- Born: 1742 Multan, Subah of Multan, Mughal Empire
- Died: 1792 (aged 49–50)
- Genres: Tappa
- Occupations: Musician, poet

= Mian Ghulam Nabi Shori =

Indian composer (1742–1792)

Mian Ghulam Nabi Shori (1742–1792), popularly known as Shori Mian, was an Indian composer of Hindustani classical music. He was a court singer of Asaf-Ud-Dowlah, Nawab of Awadh. He composed tappa, one of the most difficult classical forms, in Punjab. The brisk and ornate tappa form, romantic in nature, tappa's text is always in Punjabi.

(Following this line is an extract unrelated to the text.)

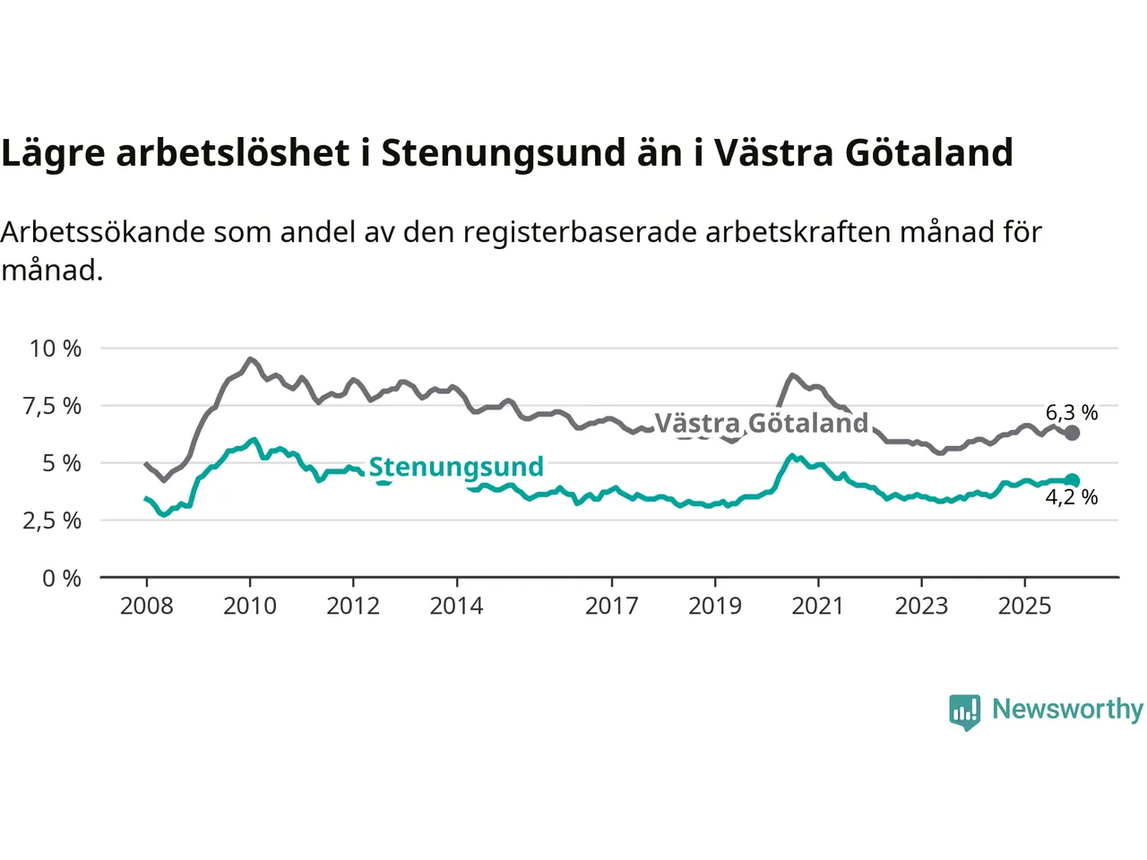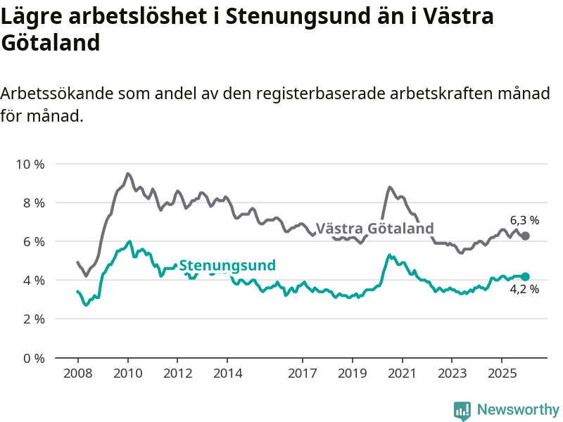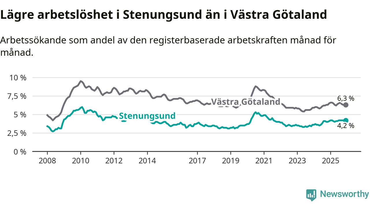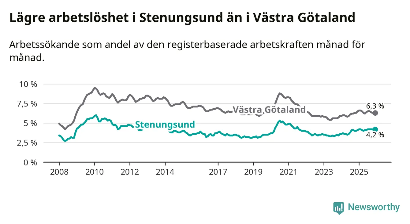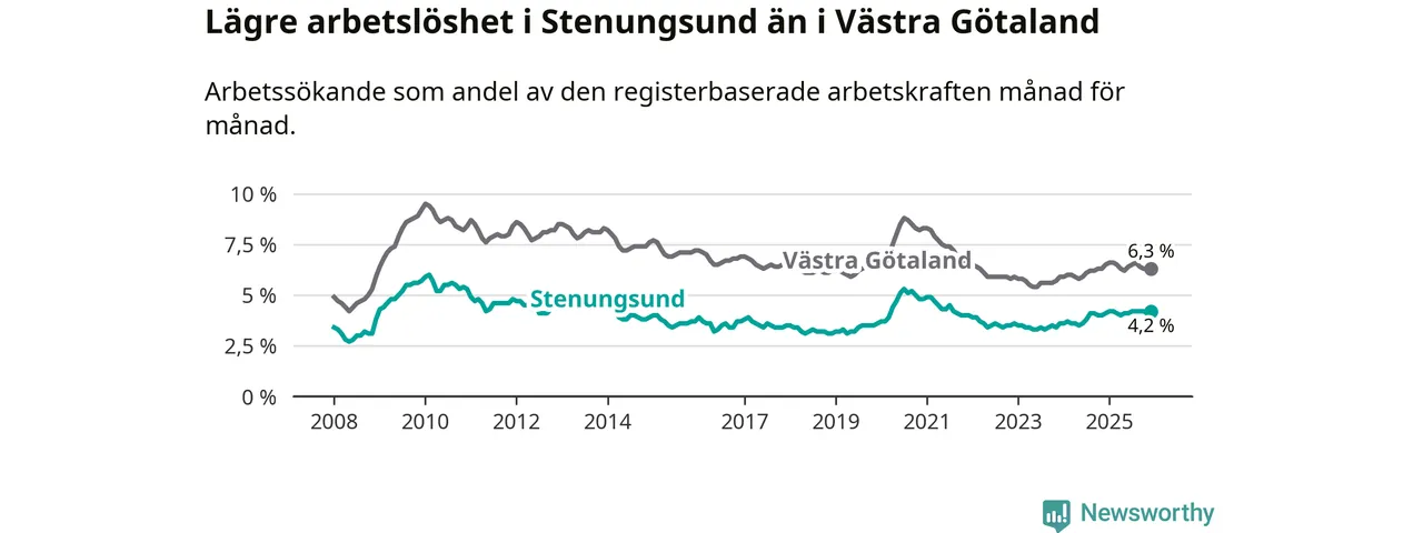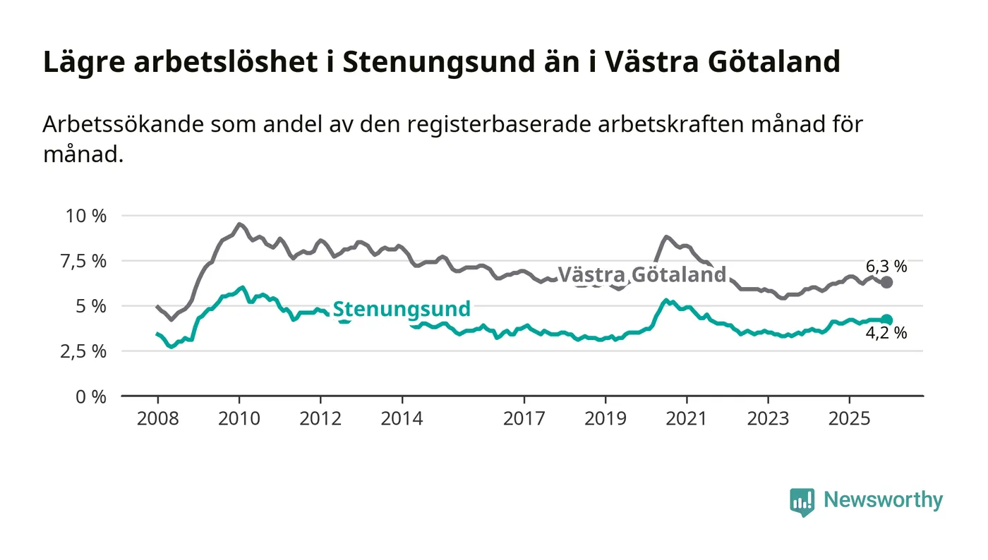 Även om arbetslösheten i Stenungsund alltså ökar, så ligger den fortfarande under snittet i hela Västra Götalands län (4,2 procent i kommunen, jämfört med 6,3 procent i hela länet). Öckerö har den lägsta arbetslösheten i länet (3,0 procent), medan Gullspång har den högsta (8,8 procent). För att Stenungsund skulle komma ner i samma arbetslöshetsnivå som Öckerö skulle 169 personer behöva sysselsättas.

It was supposed to be a song of the cameleers of Punjab and Rajasthan.

==Early life==
He was born in Multan, Punjab, to Ghulam Rasool Khan. The common myth tells that he was initially trained in Khayal singing and had a great command on Taan.

==Tappa==
He was not satisfied with Khayal for expressing his skill in singing Taan; he restlessly traveled in Punjab, where he listened to the folk songs of camel-riders, which he thought to be suitable for his own style of singing. He composed Tappa using various ornamentations with Taan, Jamjama, Khatka, etc. In the Tappas of Shori Miyan, in Antara we find his name as 'Shori'.